=== ACTIVITY ===
Where the line containing "Las VIII Jornadas" appears in the records below, begin there and repeat each line exactly through the final one, dropping all pictures.

=== MATERIAL FOR THE TASK ===
=== Section Start ===
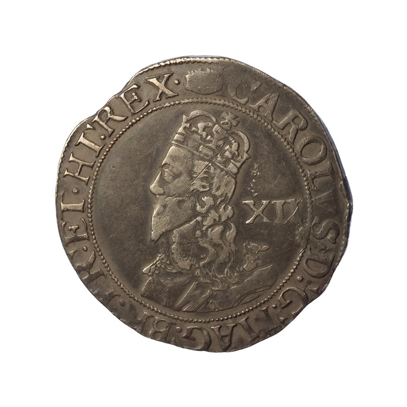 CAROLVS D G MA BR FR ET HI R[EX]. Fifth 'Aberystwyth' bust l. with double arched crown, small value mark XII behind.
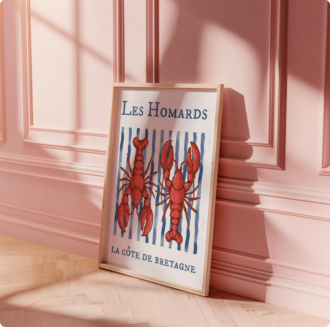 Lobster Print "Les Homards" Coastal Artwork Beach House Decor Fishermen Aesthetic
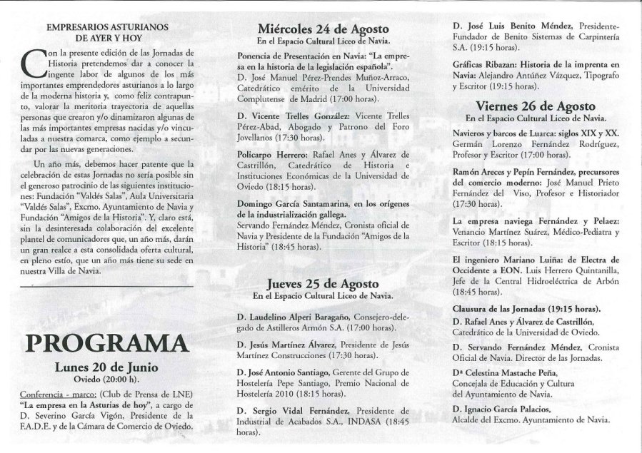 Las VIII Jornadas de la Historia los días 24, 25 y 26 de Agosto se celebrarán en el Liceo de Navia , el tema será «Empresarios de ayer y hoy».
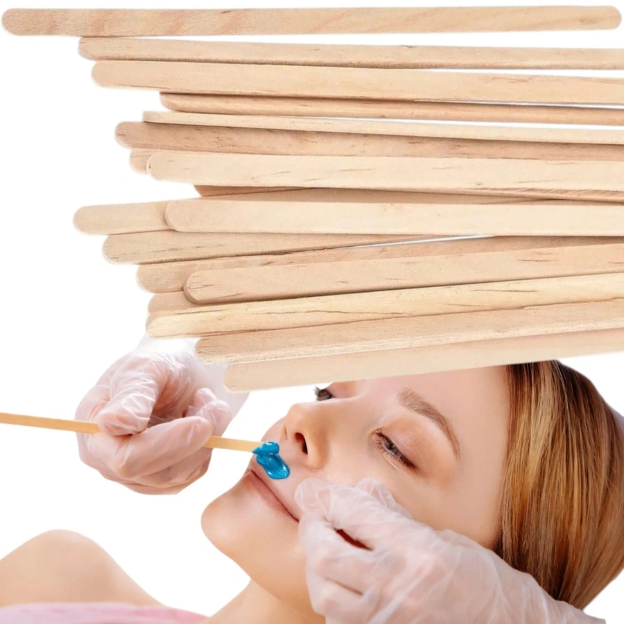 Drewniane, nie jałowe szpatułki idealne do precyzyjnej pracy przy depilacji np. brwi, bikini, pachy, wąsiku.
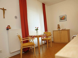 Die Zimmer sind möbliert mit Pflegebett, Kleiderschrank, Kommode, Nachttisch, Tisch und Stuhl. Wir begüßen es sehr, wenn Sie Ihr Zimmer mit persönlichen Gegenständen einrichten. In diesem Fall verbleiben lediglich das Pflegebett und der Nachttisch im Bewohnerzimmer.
=== Section End ===
=== EXERCISE RESULT ===
 Las VIII Jornadas de la Historia los días 24, 25 y 26 de Agosto se celebrarán en el Liceo de Navia , el tema será «Empresarios de ayer y hoy».
 Drewniane, nie jałowe szpatułki idealne do precyzyjnej pracy przy depilacji np. brwi, bikini, pachy, wąsiku.
 Die Zimmer sind möbliert mit Pflegebett, Kleiderschrank, Kommode, Nachttisch, Tisch und Stuhl. Wir begüßen es sehr, wenn Sie Ihr Zimmer mit persönlichen Gegenständen einrichten. In diesem Fall verbleiben lediglich das Pflegebett und der Nachttisch im Bewohnerzimmer.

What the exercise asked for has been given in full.